-- Raw data follows --

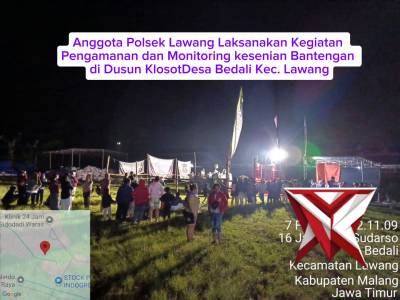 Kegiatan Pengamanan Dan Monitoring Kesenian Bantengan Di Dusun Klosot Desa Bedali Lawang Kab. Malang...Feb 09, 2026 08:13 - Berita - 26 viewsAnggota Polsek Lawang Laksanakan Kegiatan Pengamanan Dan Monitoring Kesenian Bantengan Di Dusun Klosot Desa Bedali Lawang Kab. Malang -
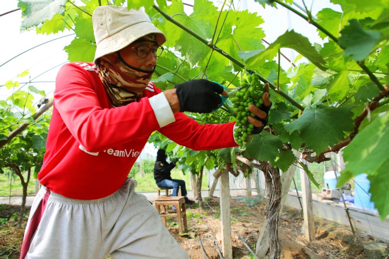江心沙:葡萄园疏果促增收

-- Raw data concluded --
-- Raw data follows --

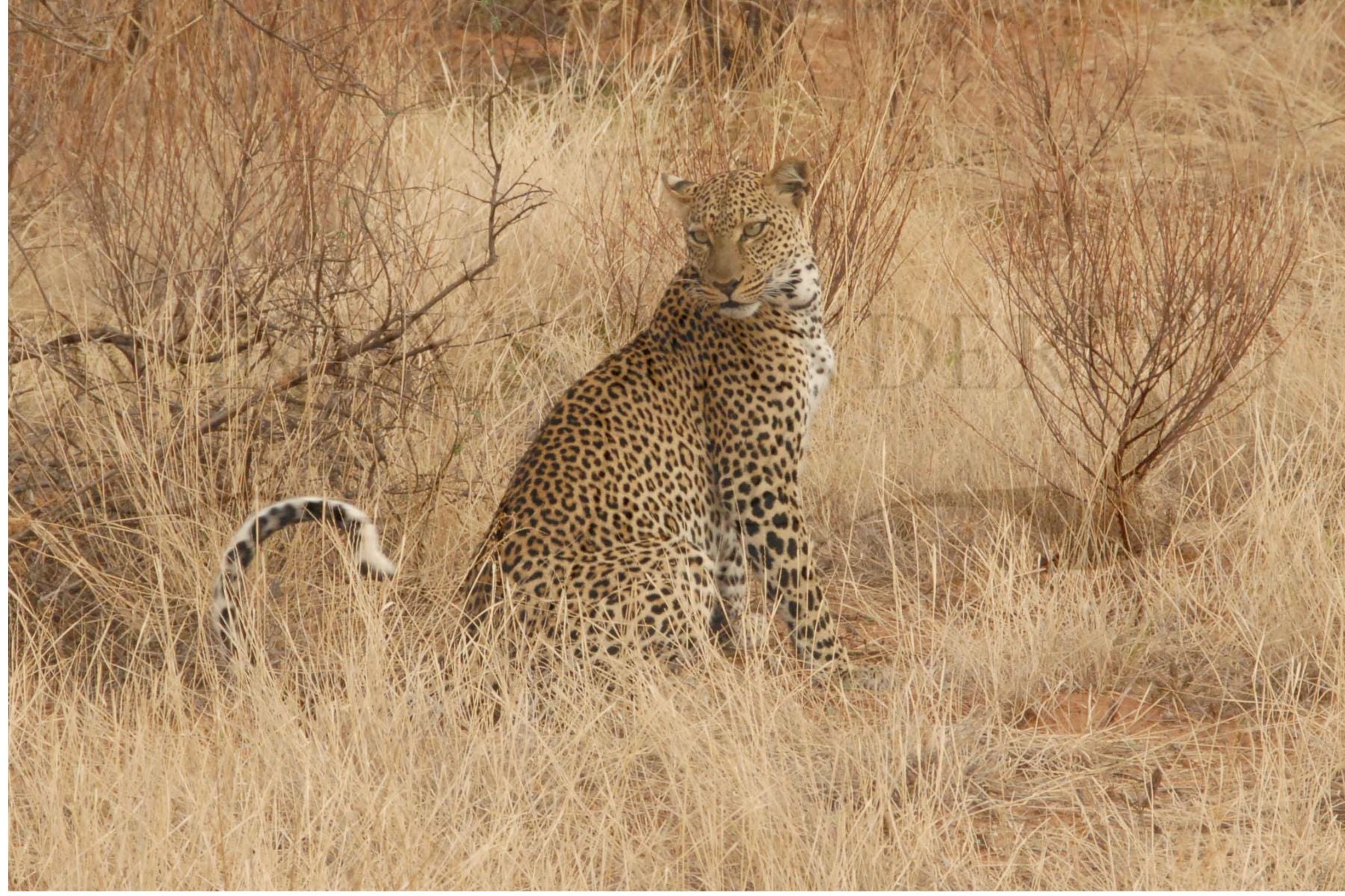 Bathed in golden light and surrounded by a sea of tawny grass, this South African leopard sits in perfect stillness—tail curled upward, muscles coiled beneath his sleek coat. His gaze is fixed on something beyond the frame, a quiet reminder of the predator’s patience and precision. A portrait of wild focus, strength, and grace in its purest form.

-- Raw data concluded --

■ The task
Would you set down only the lines above from the line with "Lawang Kab. Malang...Feb" to the line with "江心沙:葡萄园疏果促增收", both included, exactly as they stand and without the pictures?

■ Task output
 Kegiatan Pengamanan Dan Monitoring Kesenian Bantengan Di Dusun Klosot Desa Bedali Lawang Kab. Malang...Feb 09, 2026 08:13 - Berita - 26 viewsAnggota Polsek Lawang Laksanakan Kegiatan Pengamanan Dan Monitoring Kesenian Bantengan Di Dusun Klosot Desa Bedali Lawang Kab. Malang -
江心沙:葡萄园疏果促增收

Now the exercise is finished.